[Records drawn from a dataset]

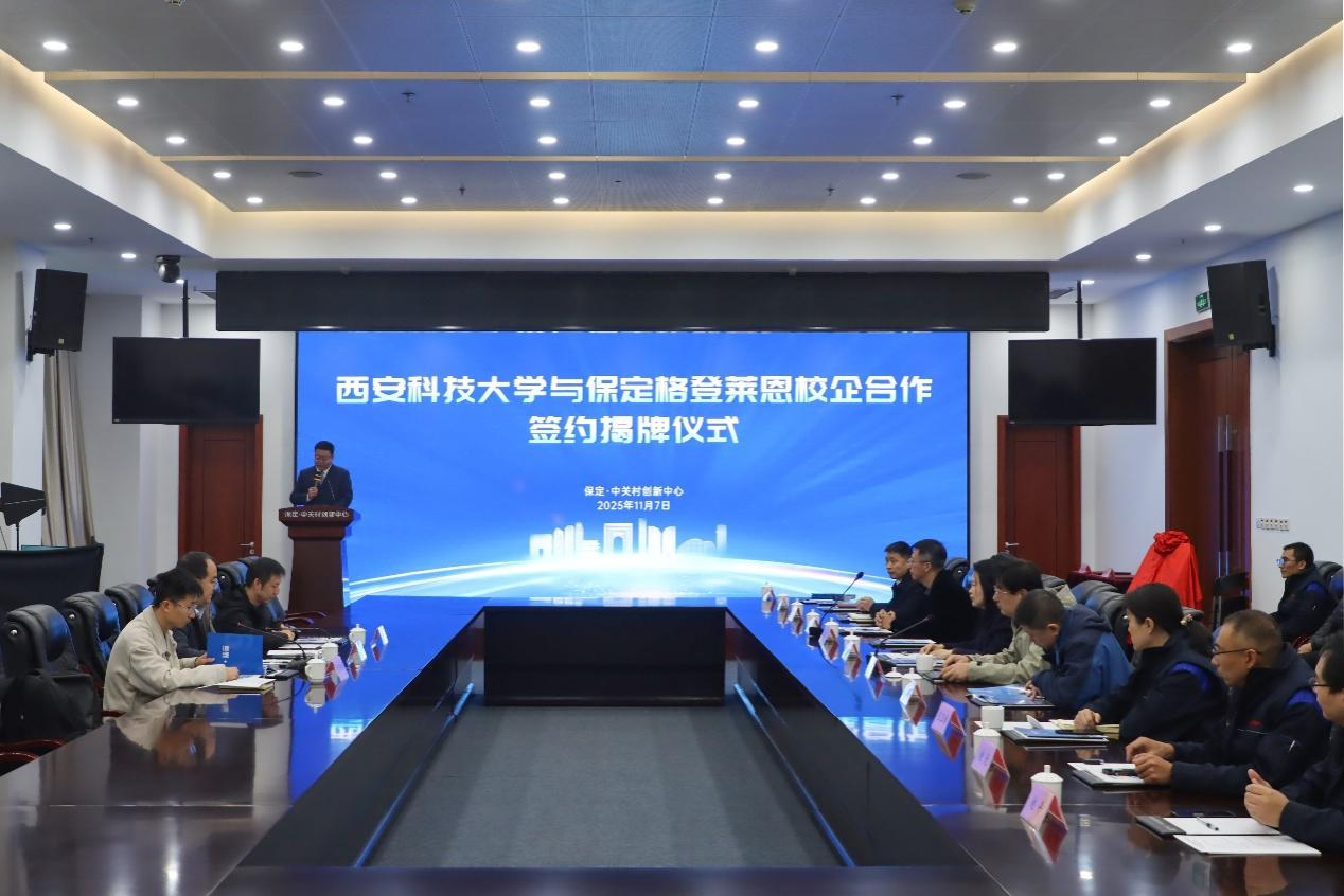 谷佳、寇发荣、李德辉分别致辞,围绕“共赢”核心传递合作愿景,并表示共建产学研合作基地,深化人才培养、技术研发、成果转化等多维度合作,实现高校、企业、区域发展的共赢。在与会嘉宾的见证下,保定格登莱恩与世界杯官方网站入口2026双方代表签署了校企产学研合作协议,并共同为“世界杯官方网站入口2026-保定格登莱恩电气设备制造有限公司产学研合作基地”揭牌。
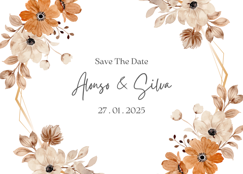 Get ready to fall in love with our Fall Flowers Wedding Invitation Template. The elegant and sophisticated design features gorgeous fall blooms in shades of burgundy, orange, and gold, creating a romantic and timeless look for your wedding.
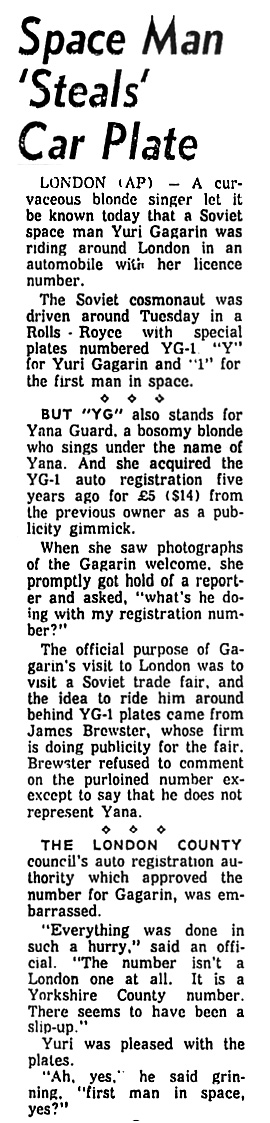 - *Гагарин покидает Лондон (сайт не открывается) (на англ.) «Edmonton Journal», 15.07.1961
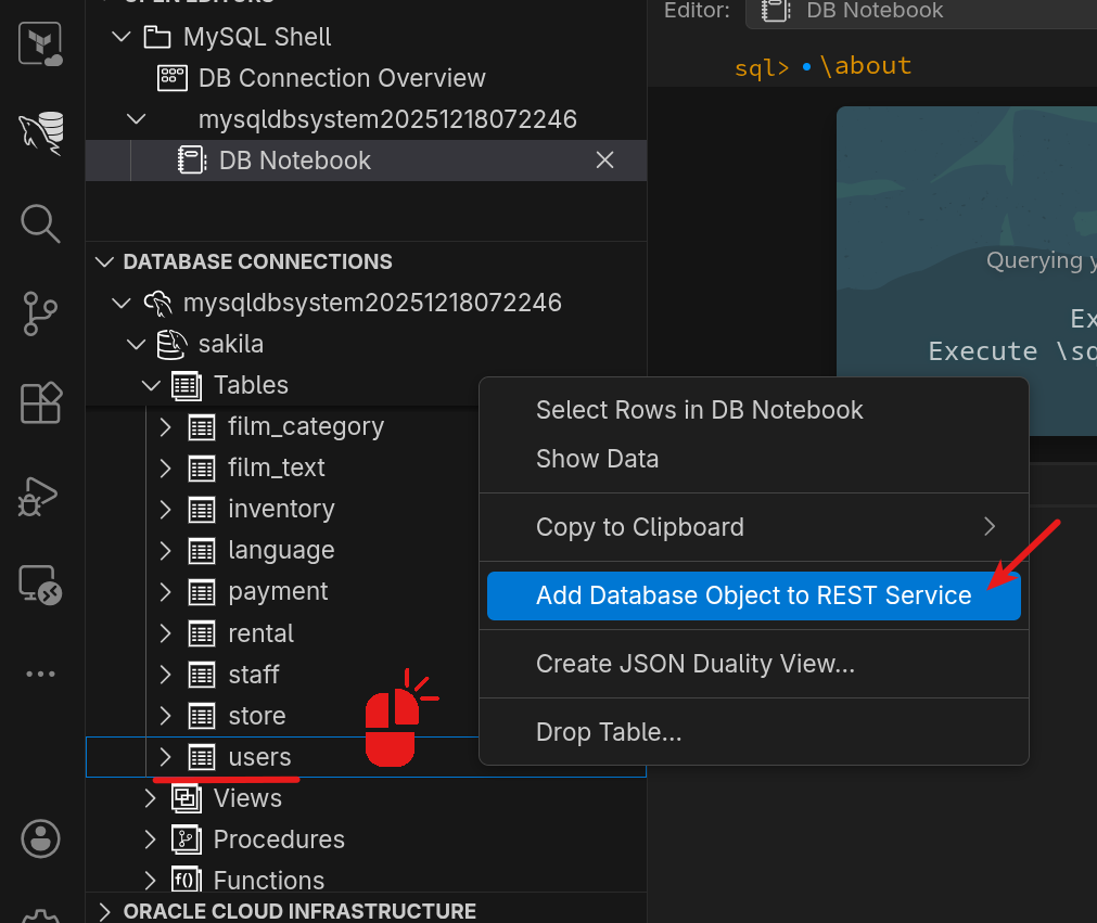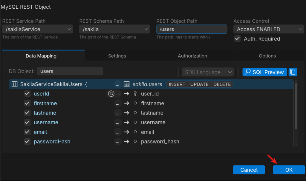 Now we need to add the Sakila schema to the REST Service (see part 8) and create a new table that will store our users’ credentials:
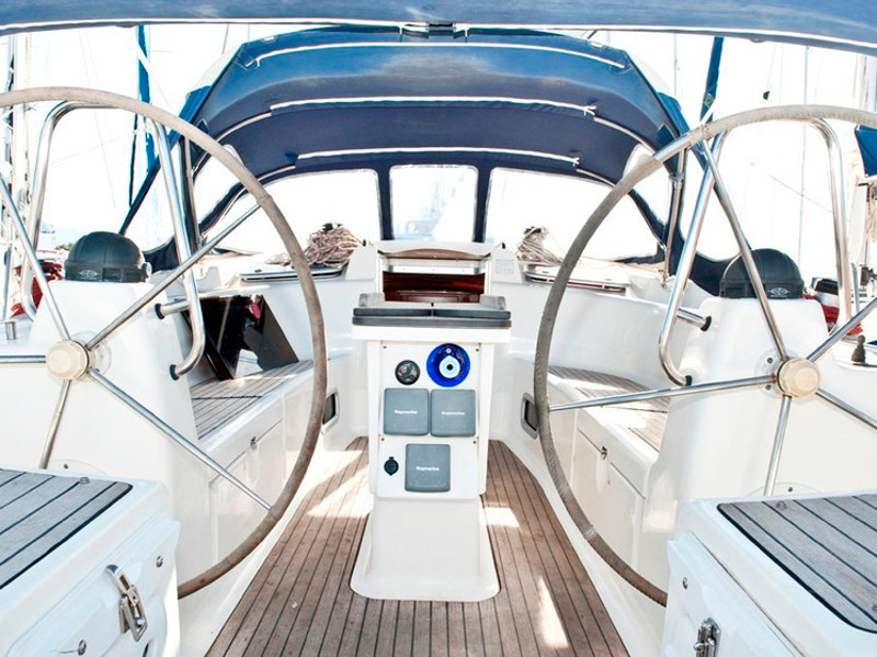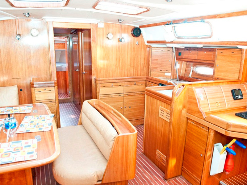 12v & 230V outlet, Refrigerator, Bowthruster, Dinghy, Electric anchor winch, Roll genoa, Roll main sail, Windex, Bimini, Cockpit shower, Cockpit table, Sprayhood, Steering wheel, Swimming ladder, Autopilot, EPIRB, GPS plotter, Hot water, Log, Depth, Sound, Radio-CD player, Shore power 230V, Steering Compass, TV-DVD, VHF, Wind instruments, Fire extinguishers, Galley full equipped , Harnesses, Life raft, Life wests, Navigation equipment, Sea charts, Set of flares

→ TASK DETAILS
Your answer is an exact copy of the records above, stripped of pictures.

→ WRITTEN RESPONSE
 谷佳、寇发荣、李德辉分别致辞,围绕“共赢”核心传递合作愿景,并表示共建产学研合作基地,深化人才培养、技术研发、成果转化等多维度合作,实现高校、企业、区域发展的共赢。在与会嘉宾的见证下,保定格登莱恩与世界杯官方网站入口2026双方代表签署了校企产学研合作协议,并共同为“世界杯官方网站入口2026-保定格登莱恩电气设备制造有限公司产学研合作基地”揭牌。
 Get ready to fall in love with our Fall Flowers Wedding Invitation Template. The elegant and sophisticated design features gorgeous fall blooms in shades of burgundy, orange, and gold, creating a romantic and timeless look for your wedding.
 - *Гагарин покидает Лондон (сайт не открывается) (на англ.) «Edmonton Journal», 15.07.1961
 Now we need to add the Sakila schema to the REST Service (see part 8) and create a new table that will store our users’ credentials:
 12v & 230V outlet, Refrigerator, Bowthruster, Dinghy, Electric anchor winch, Roll genoa, Roll main sail, Windex, Bimini, Cockpit shower, Cockpit table, Sprayhood, Steering wheel, Swimming ladder, Autopilot, EPIRB, GPS plotter, Hot water, Log, Depth, Sound, Radio-CD player, Shore power 230V, Steering Compass, TV-DVD, VHF, Wind instruments, Fire extinguishers, Galley full equipped , Harnesses, Life raft, Life wests, Navigation equipment, Sea charts, Set of flares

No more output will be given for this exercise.